# Columbia MFA Screenwriting video submission?



## CampbellSoup (Dec 10, 2020)

Hi! I have my Columbia application almost entirely finished, but I keep going back to the optional video upload. I have short films I have made, but I'm wondering if I need to add them if I'm only applying to screenwriting?


----------



## Cody Young (Dec 10, 2020)

CampbellSoup said:


> Hi! I have my Columbia application almost entirely finished, but I keep going back to the optional video upload. I have short films I have made, but I'm wondering if I need to add them if I'm only applying to screenwriting?

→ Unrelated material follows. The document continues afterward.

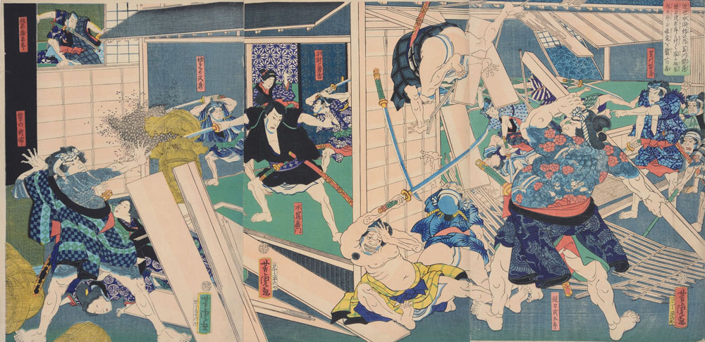 Kasagawa Higezō and Keiriki Tamigorō attack the House of the Mistress of Iioka Sutegorō at Night in a Secret Plan, in Modern Water Margin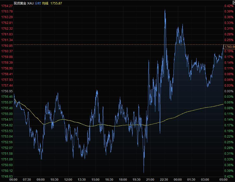 金价录得自9月3日以来的首次周线上涨,现货黄金小幅走高,收于1761美元关口附近,因美元走弱,以及对通胀上升和经济增长风险的担忧,盖过了对即将加息的押注。

Hi, I'm in a similar boat. I wasn't sure as to whether or not I should submit a video exercise (producing here), but I believe I will submit a short film I wrote and produced. My thought process is that it is just another way to display my creativity to the panel. I'm not sure how professional your material is, professional being entirely subjective of course, but I would say that if your films display the type of writer you are and reveal more about your background, then you should definitely considering submitting them. I think it only adds and unless they are absolutely godawful, I don't believe they will detract from your application at all. Hope this helps.


----------



## lucychoi97 (Dec 11, 2020)

I submitted my application a couple of days ago and FYI I didn't submit my videos since they are not that professional enough. If you want to include yours, then I would say, go for it!


----------